As the PocketOS incident showed, agents can access or infer pathways to APIs beyond their intended scope, raising concerns about permission boundaries and fail-safes.
HubSpot’s approach goes further than most of its competitors. While vendors like Salesforce and Microsoft are introducing agentic frameworks and expanding API access, they are maintaining tighter controls over how far those agents can operate within core systems. Agent activity is largely confined to predefined workflows, permission layers and governance models, rather than extending to full operational control of the platform.
HubSpot’s ambition for complete API parity indicates a more expansive view of autonomy. That distinction makes it essential for CX teams to maintain visibility and control over systems that are increasingly acting on their behalf across critical customer data and processes.
Without Trust, AI Agents Become a Risk Multiplier
Lennox contrasted the vendor’s open approach with some platforms that will respond to the rise of AI agents by restricting access to their systems and prioritising control over interoperability.
“We think the moment calls for the opposite. When agents can access data, act on behalf of customers, and run business processes, openness and trust matter more than ever.”
HubSpot is treating trust and governance as core infrastructure, according to Lennox. “When a customer connects a partner tool, spins up an agent, or builds something custom, they should know exactly what it can access and what it’s doing.
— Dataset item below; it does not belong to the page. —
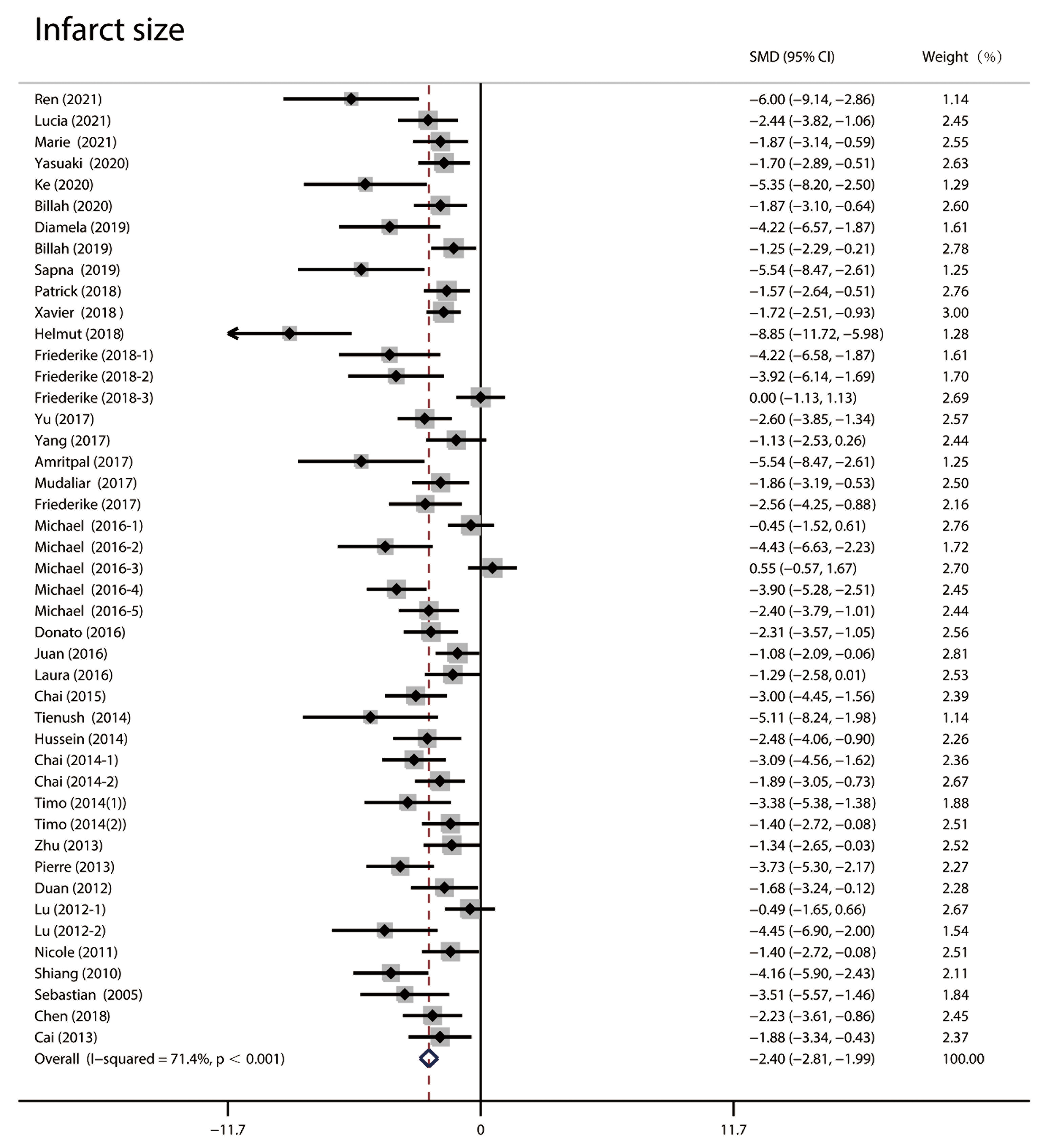 This study had several limitations, which should be mentioned. First, evaluation might be influenced by high heterogeneity owing to differences between animal experiments; better-performed studies with particular emphasis on the detailed characterization of RIPC protocols and analysis are warranted. In addition, we did not include studies with female animals because endogenous estrogen was suggested to limit cardiomyocyte apoptosis from MIRI by producing a baseline anti-apoptotic profile; further studies could focus on the potential effect of sex [72]. Moreover, only studies in rats and mice were analyzed. The potential benefits of RIPC in larger species and the presence of comorbidities need to be investigated before studies in humans.

Agents that act on your behalf are only useful if you can trust them.”
Trust will only become more complex as autonomous agents take on customer-facing tasks.
HubSpot’s approach reflects the growing tension between capability and control. Richer, structured business context creates opportunities to improve the quality and consistency of customer experiences. But as multiple agents, integrations and automated workflows begin to interact within the same environment, orchestration will increasingly become an operational challenge.